- Data extracts:
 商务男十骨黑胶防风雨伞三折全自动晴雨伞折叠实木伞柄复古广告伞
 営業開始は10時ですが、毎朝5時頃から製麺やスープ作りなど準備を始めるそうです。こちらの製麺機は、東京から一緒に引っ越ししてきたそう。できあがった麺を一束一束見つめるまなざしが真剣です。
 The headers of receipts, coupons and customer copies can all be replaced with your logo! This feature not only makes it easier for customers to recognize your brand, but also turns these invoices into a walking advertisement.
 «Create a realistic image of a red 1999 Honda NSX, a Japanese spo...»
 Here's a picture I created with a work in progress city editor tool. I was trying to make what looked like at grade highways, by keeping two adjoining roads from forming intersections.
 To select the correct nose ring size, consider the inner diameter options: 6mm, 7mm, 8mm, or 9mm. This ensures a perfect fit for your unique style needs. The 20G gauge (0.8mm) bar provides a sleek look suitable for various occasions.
---
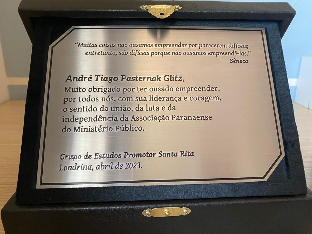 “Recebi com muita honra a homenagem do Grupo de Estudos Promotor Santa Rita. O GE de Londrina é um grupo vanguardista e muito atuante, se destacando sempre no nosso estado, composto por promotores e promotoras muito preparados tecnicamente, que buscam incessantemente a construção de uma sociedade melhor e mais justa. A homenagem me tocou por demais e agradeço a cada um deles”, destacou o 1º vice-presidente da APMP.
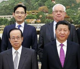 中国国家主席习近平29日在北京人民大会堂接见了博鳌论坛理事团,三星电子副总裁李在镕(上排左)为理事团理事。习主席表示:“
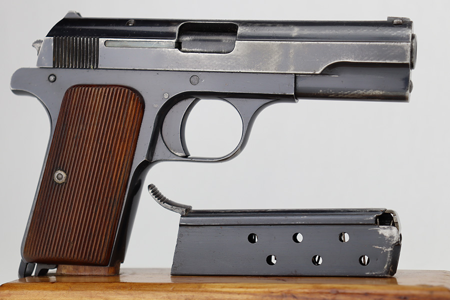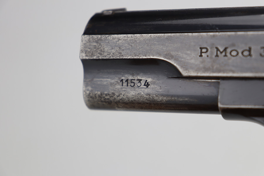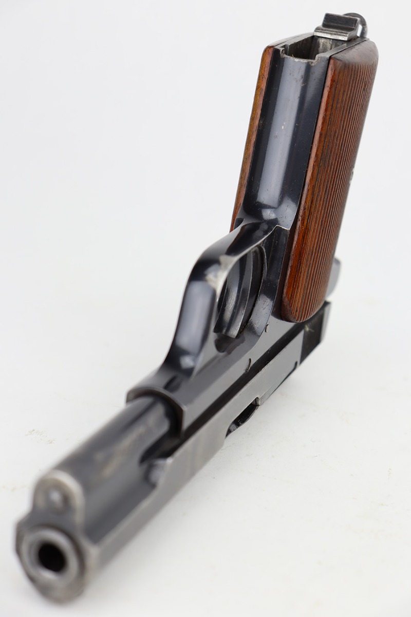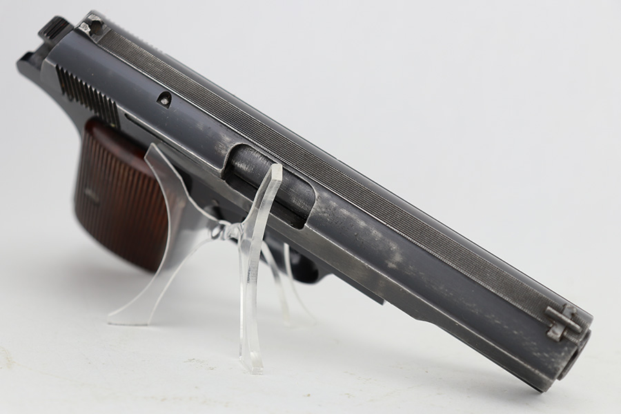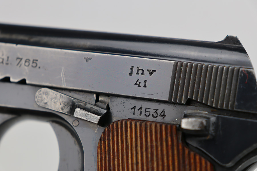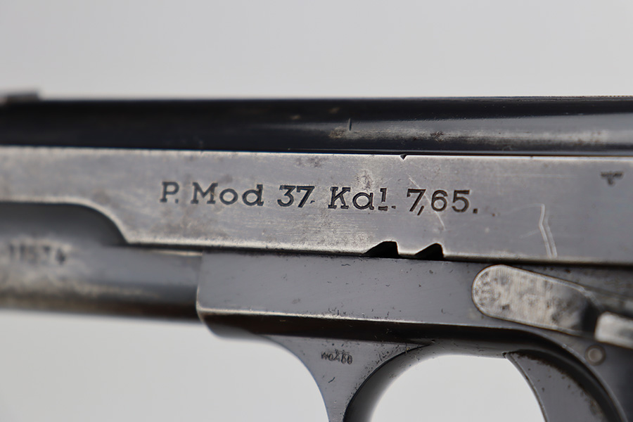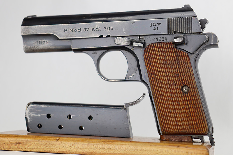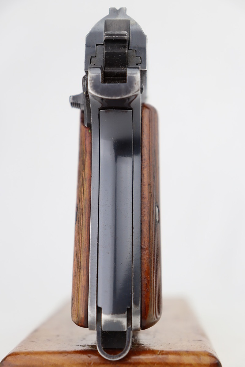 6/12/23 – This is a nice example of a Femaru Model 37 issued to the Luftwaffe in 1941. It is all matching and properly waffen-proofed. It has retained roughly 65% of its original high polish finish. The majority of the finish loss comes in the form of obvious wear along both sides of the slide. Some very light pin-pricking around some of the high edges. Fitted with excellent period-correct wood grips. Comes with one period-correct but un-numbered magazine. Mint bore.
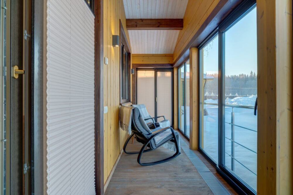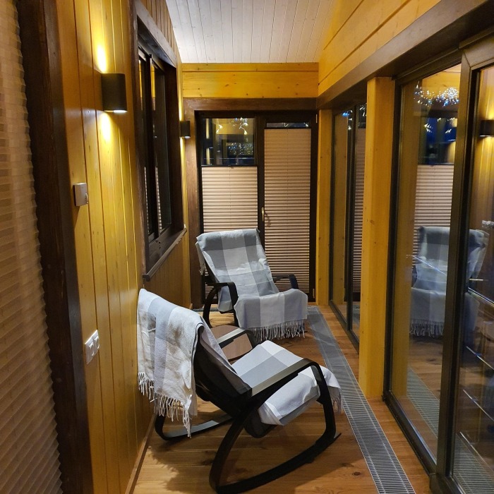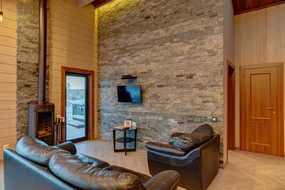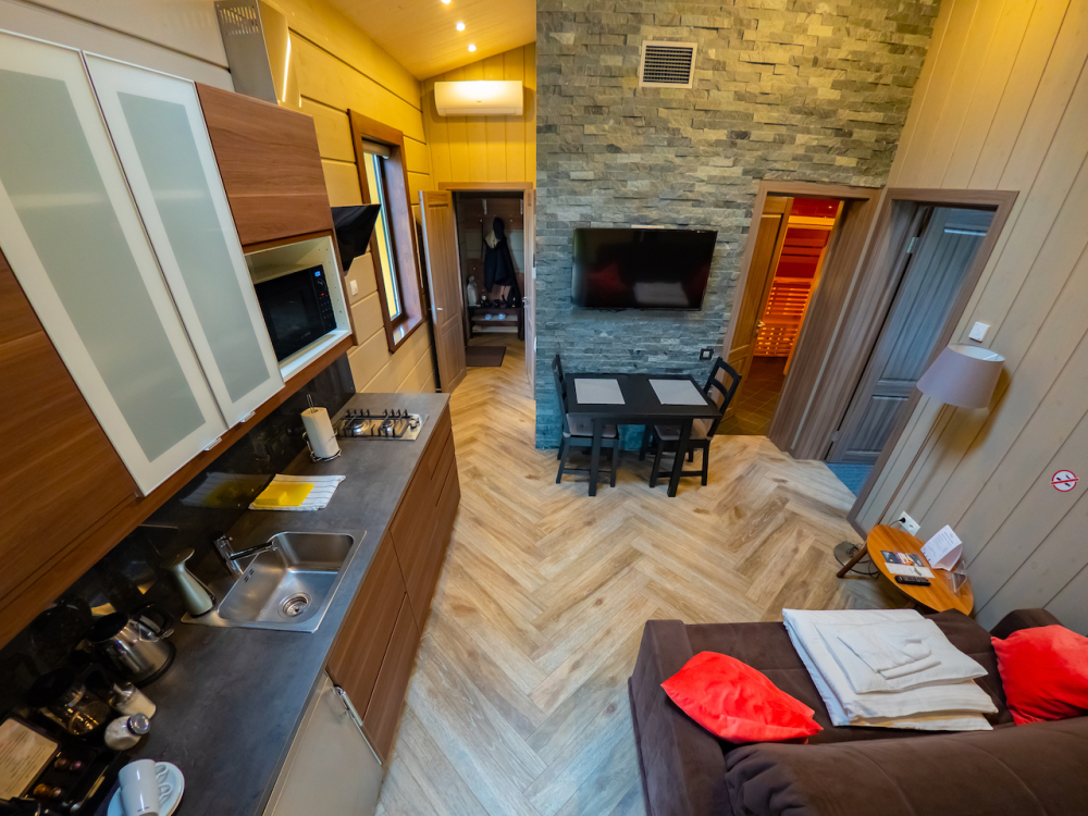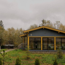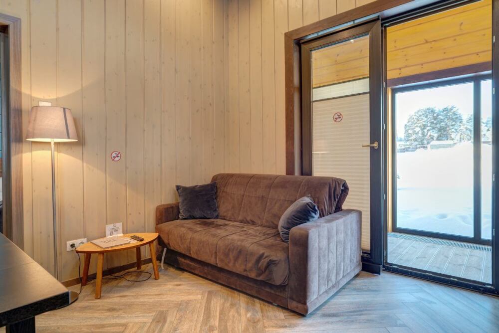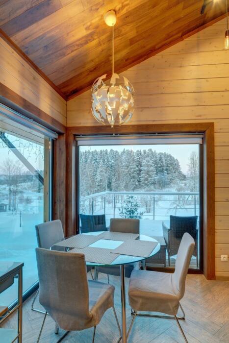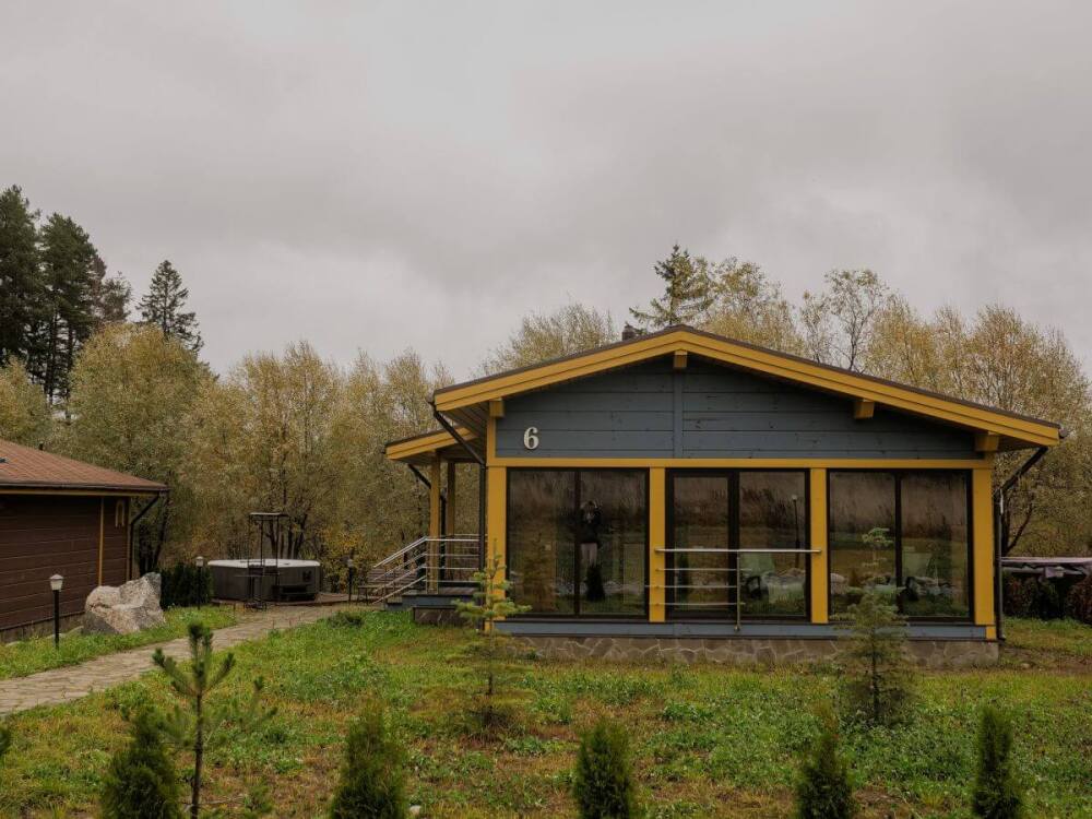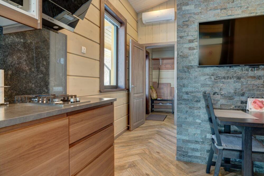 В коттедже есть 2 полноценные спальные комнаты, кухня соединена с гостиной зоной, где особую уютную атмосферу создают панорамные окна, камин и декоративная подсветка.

- Exercise: Everything starting at the line containing "商务男十骨黑胶防风雨伞三折全自动晴雨伞折叠实木伞柄复古广告伞" and ending at the line containing "The headers of" in the records above should be repeated exactly, and only that.

- Answer box:
 商务男十骨黑胶防风雨伞三折全自动晴雨伞折叠实木伞柄复古广告伞
 営業開始は10時ですが、毎朝5時頃から製麺やスープ作りなど準備を始めるそうです。こちらの製麺機は、東京から一緒に引っ越ししてきたそう。できあがった麺を一束一束見つめるまなざしが真剣です。
 The headers of receipts, coupons and customer copies can all be replaced with your logo! This feature not only makes it easier for customers to recognize your brand, but also turns these invoices into a walking advertisement.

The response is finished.